== TASK REQUIREMENTS ==
The needed output is the run of lines below from the one containing "Particularités du produit: Dimensions" through the one containing "- 슬림한 핏의 7부 소매 티셔츠", copied exactly and free of pictures.

== Data records ==
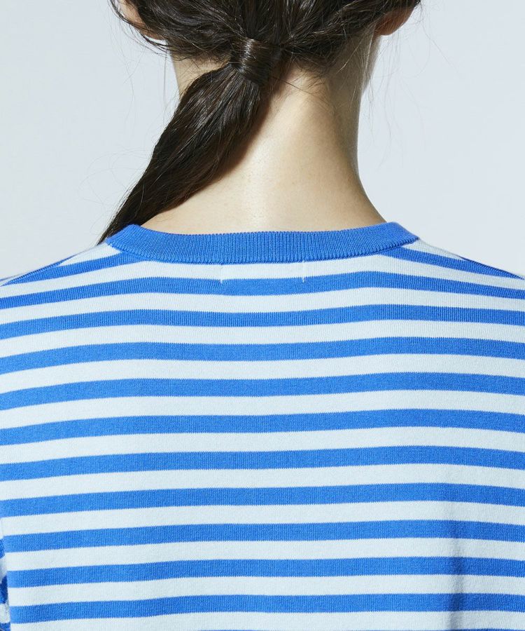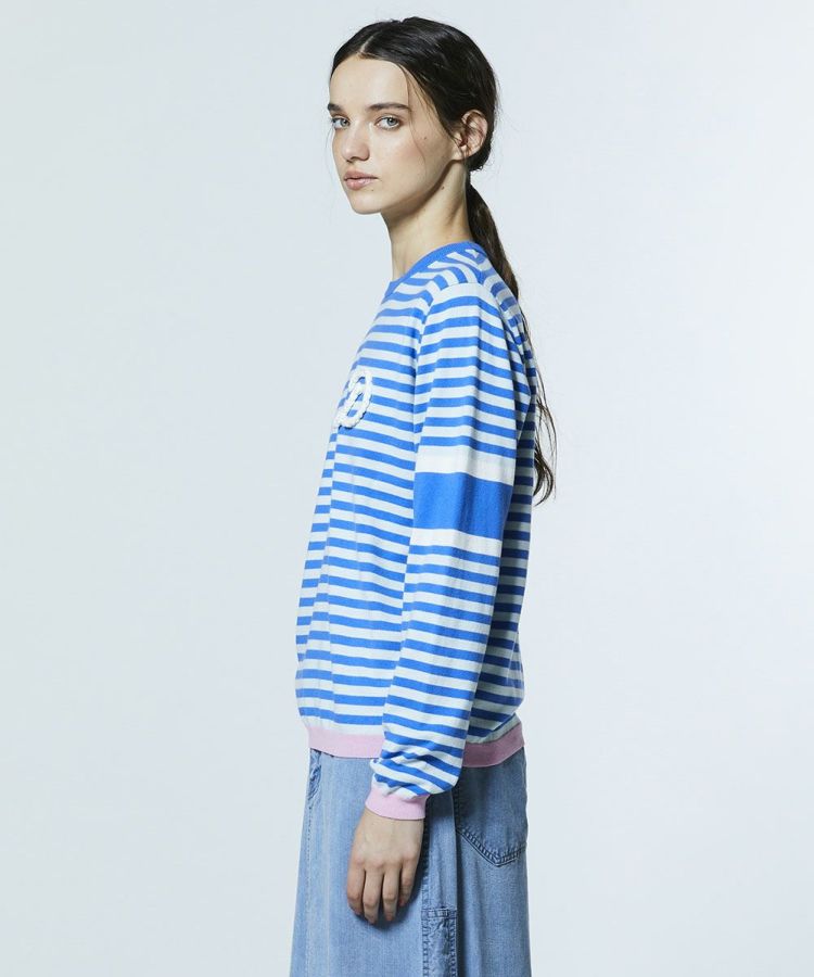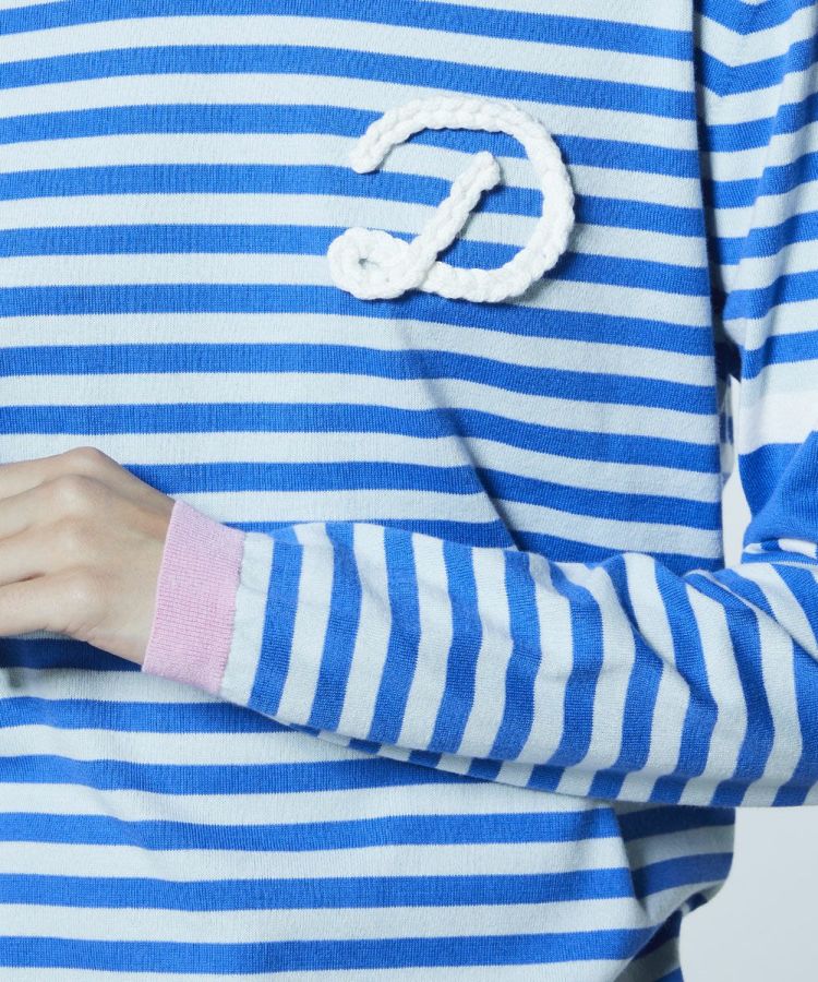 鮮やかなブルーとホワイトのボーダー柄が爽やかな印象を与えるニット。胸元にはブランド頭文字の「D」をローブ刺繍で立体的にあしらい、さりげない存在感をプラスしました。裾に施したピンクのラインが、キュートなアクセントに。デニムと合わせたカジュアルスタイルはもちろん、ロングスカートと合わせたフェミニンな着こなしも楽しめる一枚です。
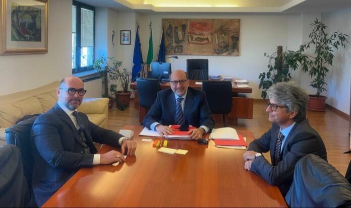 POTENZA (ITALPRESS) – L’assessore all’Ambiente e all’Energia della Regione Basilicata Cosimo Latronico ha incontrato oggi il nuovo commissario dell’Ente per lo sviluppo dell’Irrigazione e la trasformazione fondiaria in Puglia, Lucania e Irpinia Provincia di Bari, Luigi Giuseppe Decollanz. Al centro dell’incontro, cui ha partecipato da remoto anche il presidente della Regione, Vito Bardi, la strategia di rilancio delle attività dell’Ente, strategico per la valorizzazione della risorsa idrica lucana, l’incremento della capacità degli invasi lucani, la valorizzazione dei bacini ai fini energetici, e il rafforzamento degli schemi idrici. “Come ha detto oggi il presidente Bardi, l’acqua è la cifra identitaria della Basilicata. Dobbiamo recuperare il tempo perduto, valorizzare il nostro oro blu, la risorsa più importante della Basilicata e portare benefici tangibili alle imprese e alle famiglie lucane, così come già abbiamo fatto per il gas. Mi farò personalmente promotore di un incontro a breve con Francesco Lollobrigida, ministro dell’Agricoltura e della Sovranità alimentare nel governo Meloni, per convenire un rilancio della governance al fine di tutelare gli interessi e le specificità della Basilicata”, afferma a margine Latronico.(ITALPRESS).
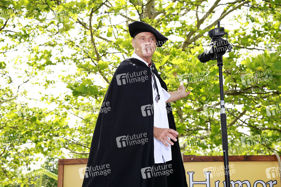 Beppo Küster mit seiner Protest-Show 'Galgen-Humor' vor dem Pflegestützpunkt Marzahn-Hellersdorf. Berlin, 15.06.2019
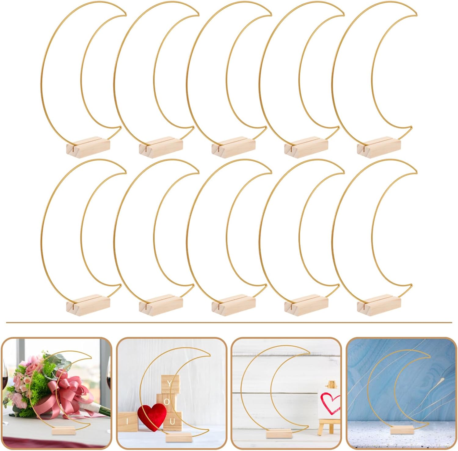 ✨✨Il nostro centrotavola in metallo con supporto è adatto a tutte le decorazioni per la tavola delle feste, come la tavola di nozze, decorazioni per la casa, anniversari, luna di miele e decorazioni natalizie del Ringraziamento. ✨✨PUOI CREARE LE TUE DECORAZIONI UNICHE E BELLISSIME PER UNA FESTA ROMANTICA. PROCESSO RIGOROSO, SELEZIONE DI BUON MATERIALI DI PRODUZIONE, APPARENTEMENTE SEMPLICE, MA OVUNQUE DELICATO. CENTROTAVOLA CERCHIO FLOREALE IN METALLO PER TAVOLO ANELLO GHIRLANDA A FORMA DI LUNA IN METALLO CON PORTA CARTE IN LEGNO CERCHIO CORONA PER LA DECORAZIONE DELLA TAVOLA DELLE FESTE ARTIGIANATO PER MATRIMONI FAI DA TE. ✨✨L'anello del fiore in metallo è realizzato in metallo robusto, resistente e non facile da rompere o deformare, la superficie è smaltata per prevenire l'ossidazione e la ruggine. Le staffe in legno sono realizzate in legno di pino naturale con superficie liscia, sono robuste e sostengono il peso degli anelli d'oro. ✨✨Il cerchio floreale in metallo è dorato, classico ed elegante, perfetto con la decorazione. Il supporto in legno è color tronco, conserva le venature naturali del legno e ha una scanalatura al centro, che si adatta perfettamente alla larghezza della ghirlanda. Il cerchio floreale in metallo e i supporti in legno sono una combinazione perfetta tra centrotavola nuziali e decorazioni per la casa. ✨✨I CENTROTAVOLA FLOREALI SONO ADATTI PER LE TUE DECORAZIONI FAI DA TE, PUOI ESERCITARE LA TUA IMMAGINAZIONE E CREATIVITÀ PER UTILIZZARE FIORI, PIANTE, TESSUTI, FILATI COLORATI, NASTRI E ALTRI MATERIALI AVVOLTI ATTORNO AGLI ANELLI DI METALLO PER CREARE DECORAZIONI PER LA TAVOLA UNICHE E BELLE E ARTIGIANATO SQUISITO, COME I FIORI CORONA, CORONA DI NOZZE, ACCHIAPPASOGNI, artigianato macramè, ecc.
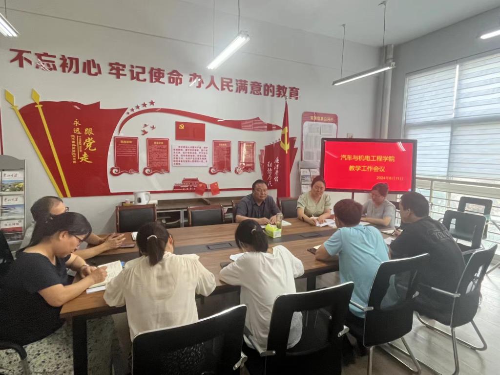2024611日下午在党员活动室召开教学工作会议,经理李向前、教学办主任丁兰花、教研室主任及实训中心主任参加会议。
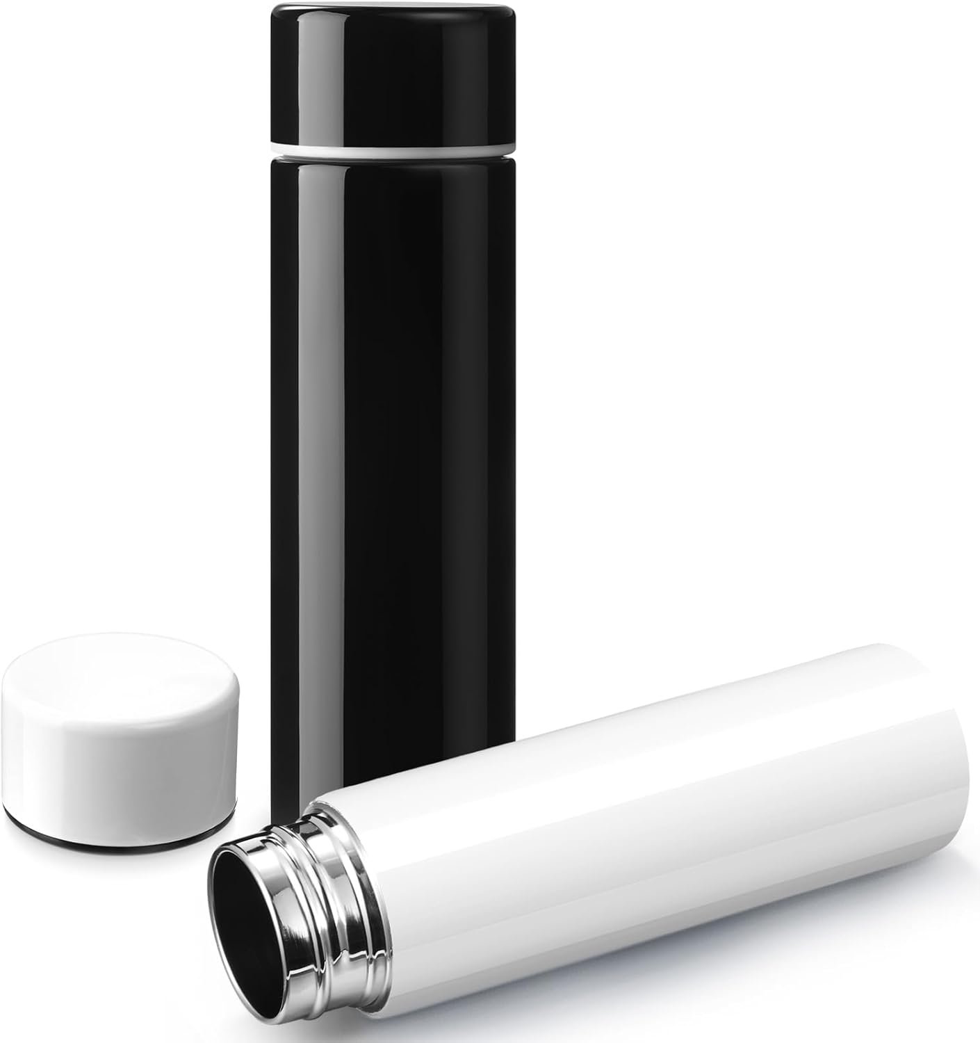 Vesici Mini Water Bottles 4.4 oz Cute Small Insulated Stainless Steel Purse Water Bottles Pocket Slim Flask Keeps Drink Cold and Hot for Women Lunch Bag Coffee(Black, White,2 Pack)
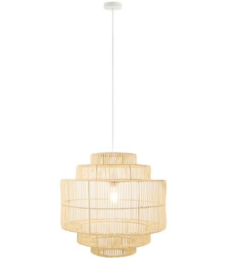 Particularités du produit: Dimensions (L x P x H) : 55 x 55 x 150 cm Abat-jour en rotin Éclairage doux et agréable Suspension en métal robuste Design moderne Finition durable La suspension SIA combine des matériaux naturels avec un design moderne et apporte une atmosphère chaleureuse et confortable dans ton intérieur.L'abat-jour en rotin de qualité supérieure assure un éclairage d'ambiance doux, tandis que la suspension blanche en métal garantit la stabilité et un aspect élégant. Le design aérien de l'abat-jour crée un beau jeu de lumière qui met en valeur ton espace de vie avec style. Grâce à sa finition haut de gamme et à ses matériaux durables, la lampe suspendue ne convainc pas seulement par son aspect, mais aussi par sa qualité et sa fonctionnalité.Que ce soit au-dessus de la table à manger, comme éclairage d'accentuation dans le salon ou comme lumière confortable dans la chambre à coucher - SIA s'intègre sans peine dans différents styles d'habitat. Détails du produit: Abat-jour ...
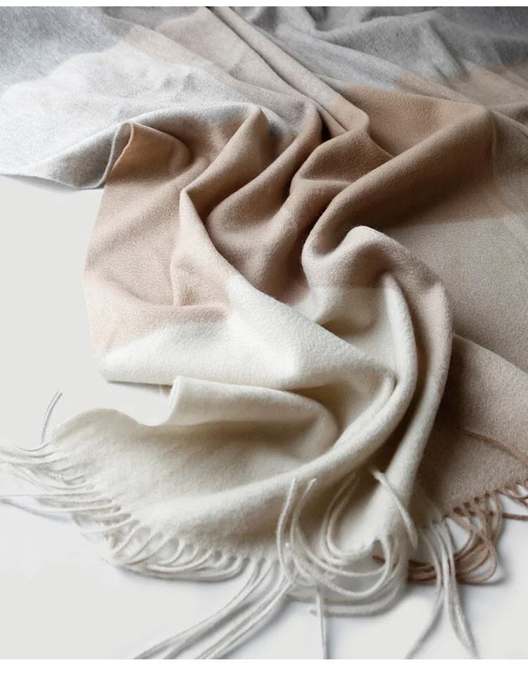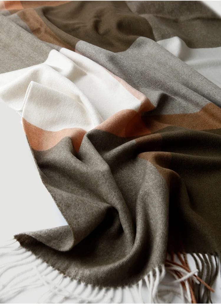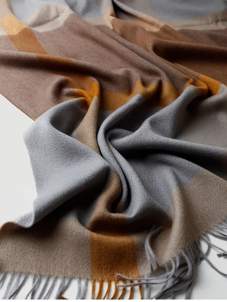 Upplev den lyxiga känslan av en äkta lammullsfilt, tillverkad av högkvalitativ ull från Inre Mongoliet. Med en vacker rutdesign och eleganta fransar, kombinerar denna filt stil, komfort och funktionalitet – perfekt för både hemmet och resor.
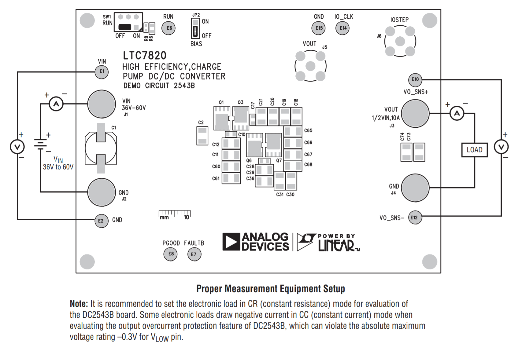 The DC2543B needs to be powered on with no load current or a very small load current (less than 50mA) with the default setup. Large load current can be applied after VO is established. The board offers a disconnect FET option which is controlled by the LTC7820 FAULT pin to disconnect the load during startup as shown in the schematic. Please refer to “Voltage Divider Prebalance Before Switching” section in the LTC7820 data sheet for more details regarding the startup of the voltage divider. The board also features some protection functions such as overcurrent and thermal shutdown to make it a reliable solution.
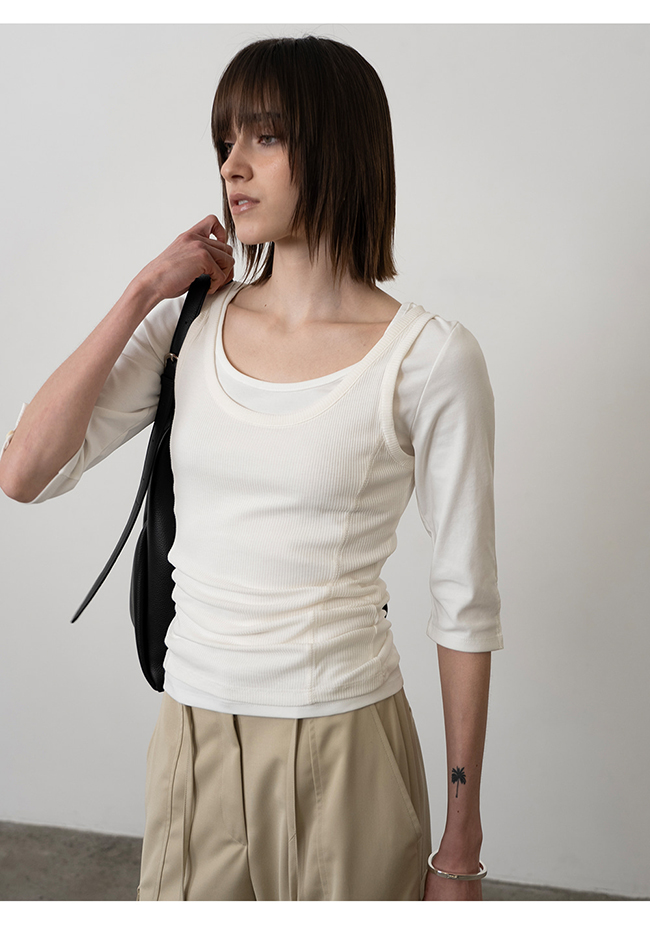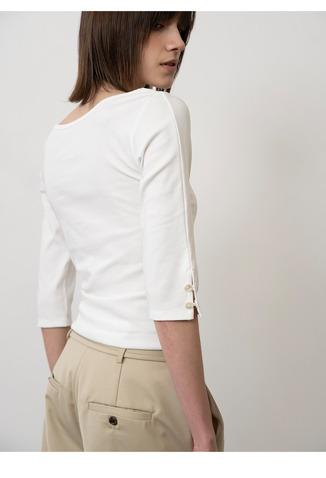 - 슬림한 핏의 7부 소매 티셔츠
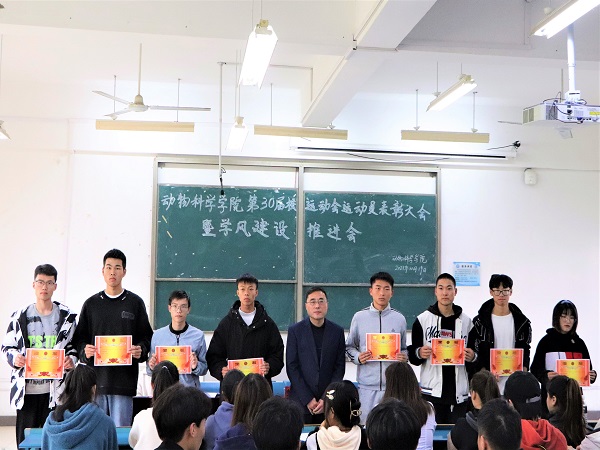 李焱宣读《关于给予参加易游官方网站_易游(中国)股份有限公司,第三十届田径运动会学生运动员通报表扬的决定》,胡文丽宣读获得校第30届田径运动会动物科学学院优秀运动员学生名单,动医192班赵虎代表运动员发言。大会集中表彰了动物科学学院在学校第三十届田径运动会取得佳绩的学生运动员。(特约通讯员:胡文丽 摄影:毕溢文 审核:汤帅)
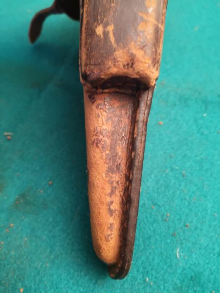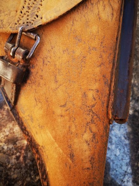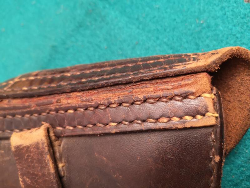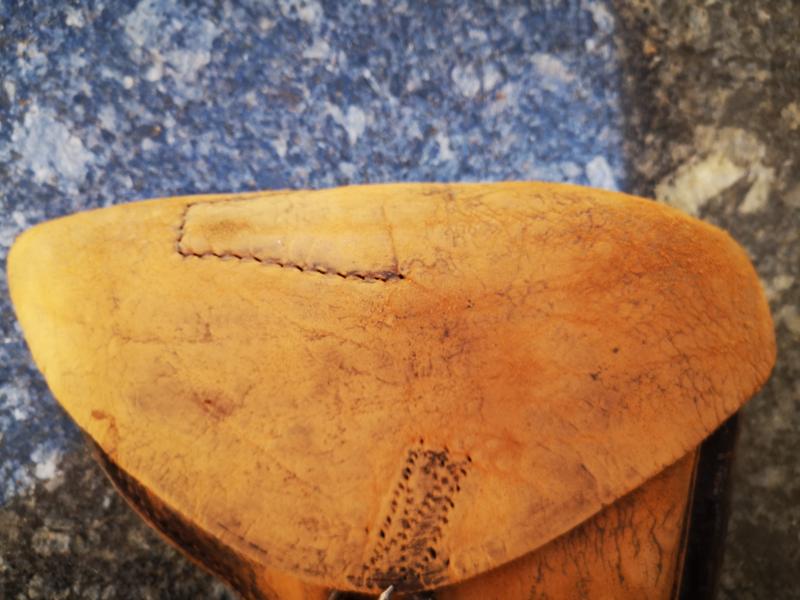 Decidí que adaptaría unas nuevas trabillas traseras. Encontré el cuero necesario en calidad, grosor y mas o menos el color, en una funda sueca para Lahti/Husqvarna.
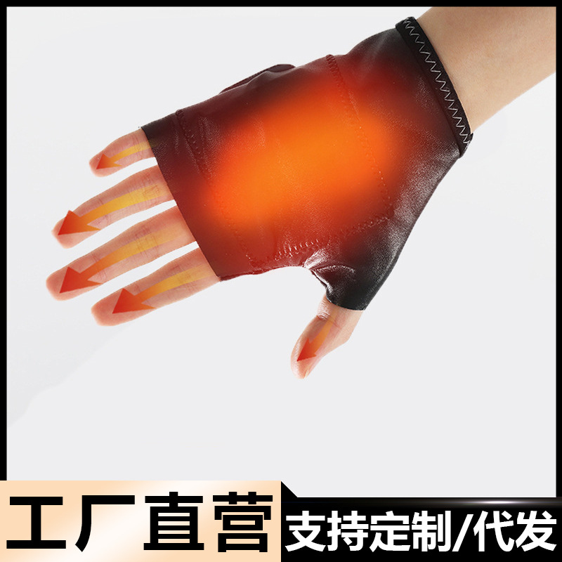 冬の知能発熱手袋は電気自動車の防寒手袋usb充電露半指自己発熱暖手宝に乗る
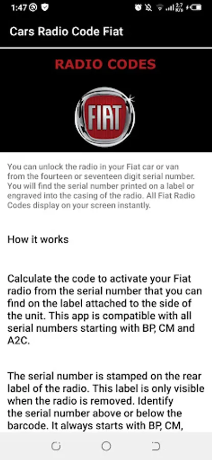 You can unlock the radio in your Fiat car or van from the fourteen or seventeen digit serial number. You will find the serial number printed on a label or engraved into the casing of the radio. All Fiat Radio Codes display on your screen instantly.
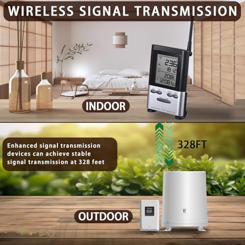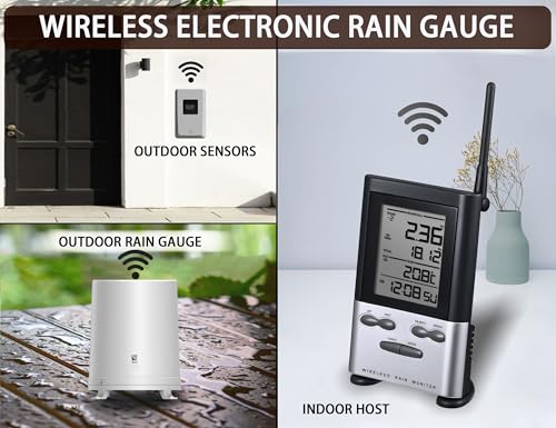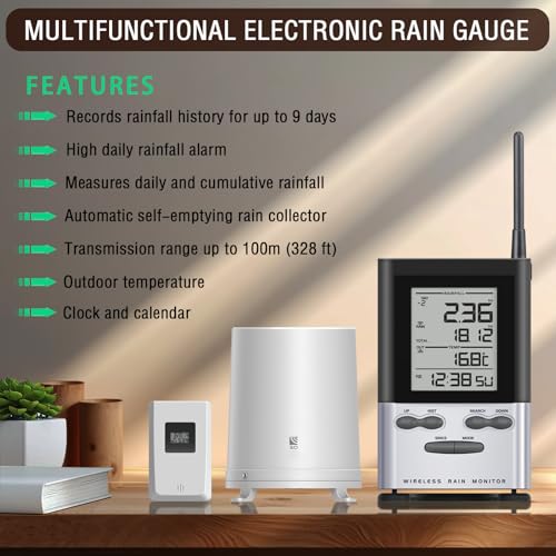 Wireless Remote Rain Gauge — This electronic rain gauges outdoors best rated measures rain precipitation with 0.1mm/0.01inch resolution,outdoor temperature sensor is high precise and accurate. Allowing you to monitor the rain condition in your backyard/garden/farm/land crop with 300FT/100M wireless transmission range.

== RESULT ==
 Particularités du produit: Dimensions (L x P x H) : 55 x 55 x 150 cm Abat-jour en rotin Éclairage doux et agréable Suspension en métal robuste Design moderne Finition durable La suspension SIA combine des matériaux naturels avec un design moderne et apporte une atmosphère chaleureuse et confortable dans ton intérieur.L'abat-jour en rotin de qualité supérieure assure un éclairage d'ambiance doux, tandis que la suspension blanche en métal garantit la stabilité et un aspect élégant. Le design aérien de l'abat-jour crée un beau jeu de lumière qui met en valeur ton espace de vie avec style. Grâce à sa finition haut de gamme et à ses matériaux durables, la lampe suspendue ne convainc pas seulement par son aspect, mais aussi par sa qualité et sa fonctionnalité.Que ce soit au-dessus de la table à manger, comme éclairage d'accentuation dans le salon ou comme lumière confortable dans la chambre à coucher - SIA s'intègre sans peine dans différents styles d'habitat. Détails du produit: Abat-jour ...
 Upplev den lyxiga känslan av en äkta lammullsfilt, tillverkad av högkvalitativ ull från Inre Mongoliet. Med en vacker rutdesign och eleganta fransar, kombinerar denna filt stil, komfort och funktionalitet – perfekt för både hemmet och resor.
 The DC2543B needs to be powered on with no load current or a very small load current (less than 50mA) with the default setup. Large load current can be applied after VO is established. The board offers a disconnect FET option which is controlled by the LTC7820 FAULT pin to disconnect the load during startup as shown in the schematic. Please refer to “Voltage Divider Prebalance Before Switching” section in the LTC7820 data sheet for more details regarding the startup of the voltage divider. The board also features some protection functions such as overcurrent and thermal shutdown to make it a reliable solution.
 - 슬림한 핏의 7부 소매 티셔츠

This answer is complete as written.